**Instructions for the task:** Only some lines are wanted: please transcribe exactly those from the one containing "1820, laureate head" through the end of the data, pictures excluded.

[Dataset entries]
Content starts

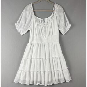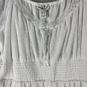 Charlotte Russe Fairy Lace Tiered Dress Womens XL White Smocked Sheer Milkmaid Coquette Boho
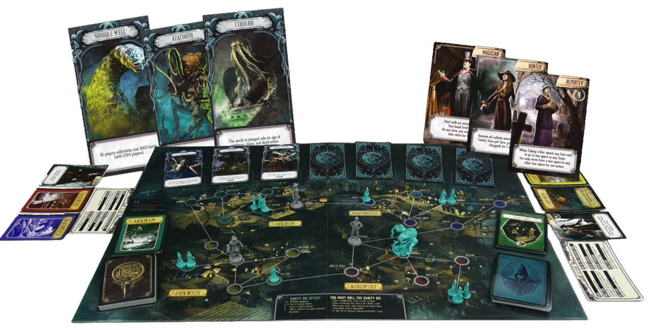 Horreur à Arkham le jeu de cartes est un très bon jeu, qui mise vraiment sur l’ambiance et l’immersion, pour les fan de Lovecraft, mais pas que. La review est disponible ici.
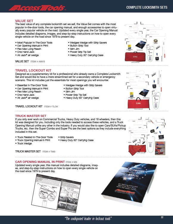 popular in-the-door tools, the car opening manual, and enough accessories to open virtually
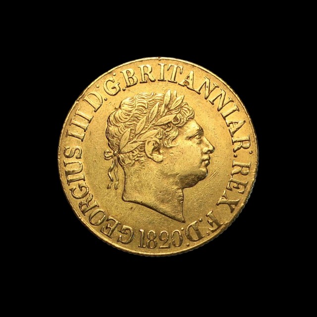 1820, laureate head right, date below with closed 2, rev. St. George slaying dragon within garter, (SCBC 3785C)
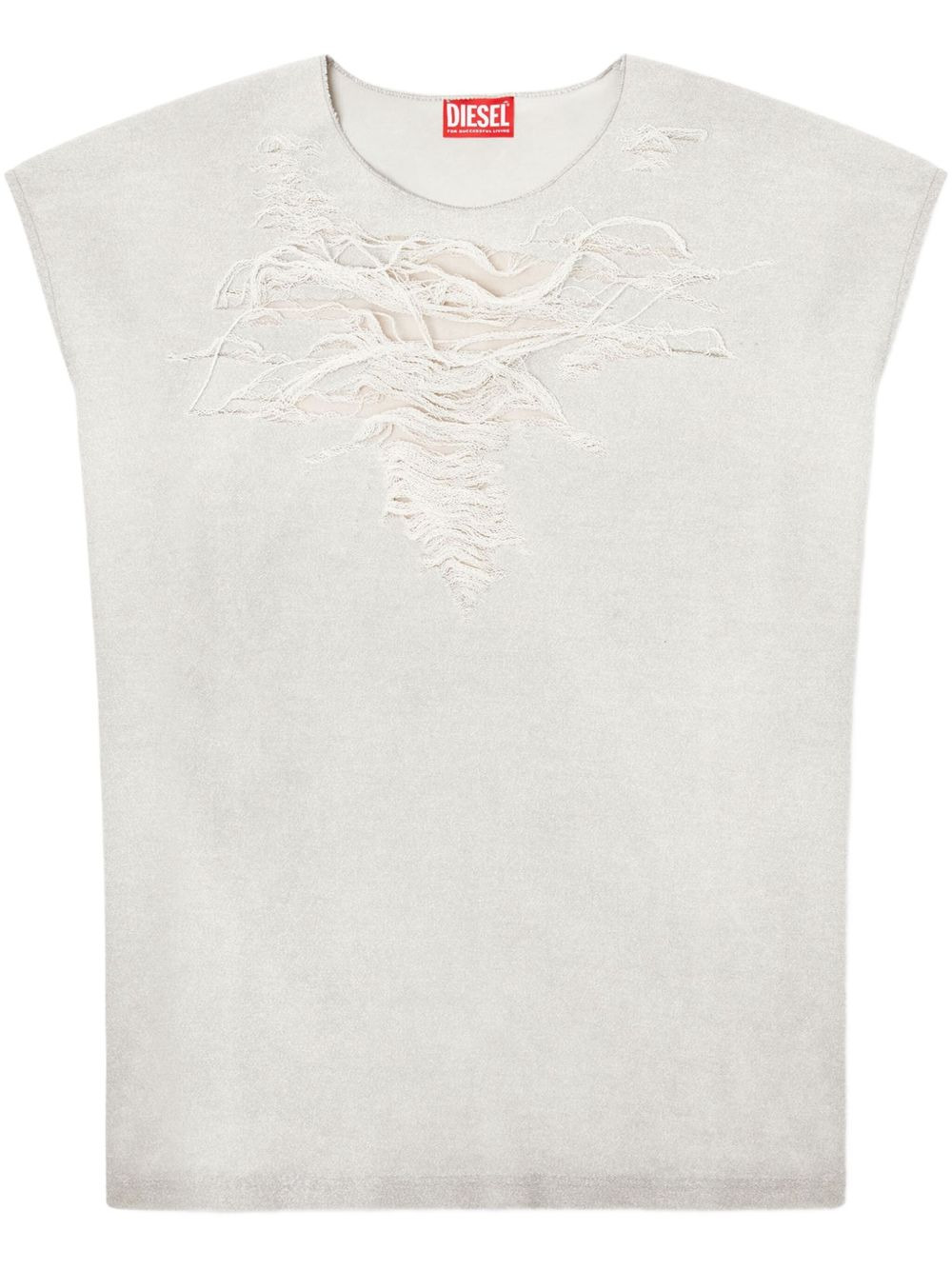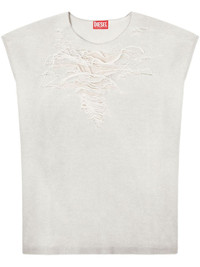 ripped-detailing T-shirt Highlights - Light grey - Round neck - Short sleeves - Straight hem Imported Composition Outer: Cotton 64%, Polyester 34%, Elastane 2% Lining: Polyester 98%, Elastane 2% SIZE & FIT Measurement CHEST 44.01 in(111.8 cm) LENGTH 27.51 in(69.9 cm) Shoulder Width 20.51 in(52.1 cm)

Content ends

**Reply to the exercise:**
 1820, laureate head right, date below with closed 2, rev. St. George slaying dragon within garter, (SCBC 3785C)
 ripped-detailing T-shirt Highlights - Light grey - Round neck - Short sleeves - Straight hem Imported Composition Outer: Cotton 64%, Polyester 34%, Elastane 2% Lining: Polyester 98%, Elastane 2% SIZE & FIT Measurement CHEST 44.01 in(111.8 cm) LENGTH 27.51 in(69.9 cm) Shoulder Width 20.51 in(52.1 cm)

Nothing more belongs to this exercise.